The Presidency has been urged to intervene in the crisis bedevilling polytechnic education in the country, which has seen lecturers in the institutions across the country going on strike for the past one year.
The parliament noted on Thursday that it is now essential for the Presidency to wade in and ensure that members of the Academic Staff Union of Polytechnics (ASUP), who have downed tools in the last one year, go back to classrooms.
The union had been on strike following disagreements with government on welfare and other related issues, and several interventions to resolving the differences have repeatedly met brick walls.
On Thursday, a motion was moved by Ibrahim Shehu-Gusau under matters of urgent public importance, expressing concerns that the lingering strike had affected over two million Nigerian students of the institutions, who could not graduate, even as new admissions could not take place due to the time wasted.
He recalled that interventions, including that of the House Committee on Education, have been unsuccessfully, and that government had not helped matters by not releasing a white paper on report of the Presidential Visitation Panel to the Polytechnics since 2012 when it was presented.

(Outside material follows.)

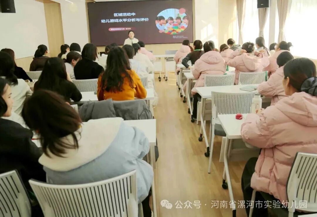 为有效提升教师的教科研能力,提升其组织实施与科学评价的专业能力,我园特邀开封市教育科学研究院教研员刘振民、我园中原名师谌玉晓,分别作了《把区域建设成友好型自主学习活动空间》与《区域活动中幼儿游戏水平分析与评价》两场专题讲座。讲座聚焦“区角规划”“材料投放”“标识系统”“幼儿行为解读”“教师指导”等关键内容,引导教师优化区域环境,读懂幼儿、支持幼儿深度学习,将其打造为真正吸引幼儿、让幼儿留恋的成长空间。

Chairman of the Committee on Education, Aminu Suleiman, who was called upon to give update on his committee’s intervention so far by Speaker, Aminu Waziri Tambuwal, described the current situation as “disturbing”, disclosing that his team met with the feuding parties about three weeks ago to resolve the burning issues with the assurances of the Federal Ministry of Education to take the resolutions reached to the Federal Executive Council (FEC).
According to him, however, the major setback at the moment was a memo raised by the National Income, Salaries and Wages Commission to the effect that some earlier concessions made by the Education Ministry were not viable, following which a committee was constituted to further review the issues.